Anyone tried or know anything about this line of food?


----------



## Rob S. (Feb 2, 2014)

Its made by Diamond for Tractor Supply.


----------



## OnMyWay2MyDreams (Feb 13, 2011)

I had problems with Diamond food a few years ago..and when I was researching for another food found out that the TSC brand 4health was made by them, at the same plants I am assuming, I couldnt bring myself to try it. Ingredient wise it looks good tho.


----------



## Eclipse (Apr 21, 2014)

My breeder has her dogs on it and highly recommends it. My older Golden's on it. I started my puppy on it but had to switch to Iams Intestine Plus. Penny - the puppy had atomic bomb smelling farts 5-6 times a day. She also pooped so often there was blood in her stool. Her digestive system didn't take to it - maybe not a good food for young intestines?
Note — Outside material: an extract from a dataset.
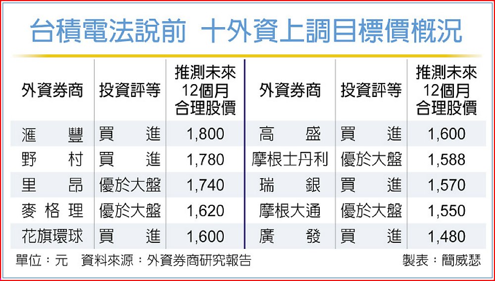 所幸,就算台積電面對外部變數造成股價波動,外資仍全面看多未來營運。主要外資券商包括:摩根士丹利、花旗環球、高盛、廣發、摩根大通、里昂、麥格理、滙豐、野村、瑞銀證券等,賦予台積電的股價預期全面升級,除廣發為1,480元外,其餘全部超越1,500元大關。此外,凱基投顧與大型金控旗下投顧也均在1,500元之上,整體市場最高則是調研機構ALETHEIA的2,100元。

My older dog's fine on it, though, no excess gas or bloody stool.


----------



## jwemt81 (Aug 20, 2008)

We have been feeding both our cats and dogs 4Health for a little over a year now with excellent results. We previously had been using Pro Plan Sensitive Skin & Stomach for several years. I have to admit that their coats look even better on the 4Health. Our black Lab's coat is shinier than it ever was on the Pro Plan. We use the salmon and potato formula. I like that it comes in an even bigger bag than most other foods do and I honestly think that the ingredients are much better than Pro Plan's. I really like all of the fruits and vegetables that are in it.


----------



## cgriffin (Nov 30, 2011)

I am not worried that it is made by Diamond. I feed my dachshund Taste of the Wild, also made by Diamond, never had a problem and my passed on seniors were on it as well. There are a lot of dog food companies that had recalls in the past. 
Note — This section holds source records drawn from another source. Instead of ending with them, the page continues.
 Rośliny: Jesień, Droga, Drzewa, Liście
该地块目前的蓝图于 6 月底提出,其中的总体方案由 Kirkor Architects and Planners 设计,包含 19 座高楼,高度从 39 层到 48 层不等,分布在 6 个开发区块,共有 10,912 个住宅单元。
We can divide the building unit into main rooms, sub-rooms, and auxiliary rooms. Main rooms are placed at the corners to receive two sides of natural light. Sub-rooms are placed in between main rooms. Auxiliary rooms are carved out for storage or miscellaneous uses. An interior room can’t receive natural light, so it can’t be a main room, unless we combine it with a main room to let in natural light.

Reading through the 4 health - I do like the ingredients.


----------



## tine434 (Nov 24, 2013)

I use it!! It's the ONLY thing Roxy didn't have stomach problems on... we use salmon and sweet potato  we love it

Sent from Petguide.com Free App


----------



## lgnutah (Feb 26, 2007)

Thanks for the many replies. I have started giving brooks a mix of 4 health and his old proplan


----------



## Loisiana (Jul 29, 2009)

I avoid anything made by Diamond until there is proof their manufacturing practices have greatly improved.


----------



## msdogs1976 (Dec 21, 2007)

Loisiana said:


> I avoid anything made by Diamond until there is proof their manufacturing practices have greatly improved.


That's going to be tough to ever prove other than no more recalls for several years. Although I don't like recalls either, I have seen many recalls of big brand human foods over the years. I simply avoid for awhile but usually go back to those brands over time if it apperas they are back on track. How long one waits is a personal decision obviously.


----------



## Loisiana (Jul 29, 2009)

My issue isn't as much with the recalls as with the reports of their facilities


----------



## dogloverforlife (Feb 17, 2013)

I won't feed Diamond anything anymore.


Sent from Petguide.com Free App


----------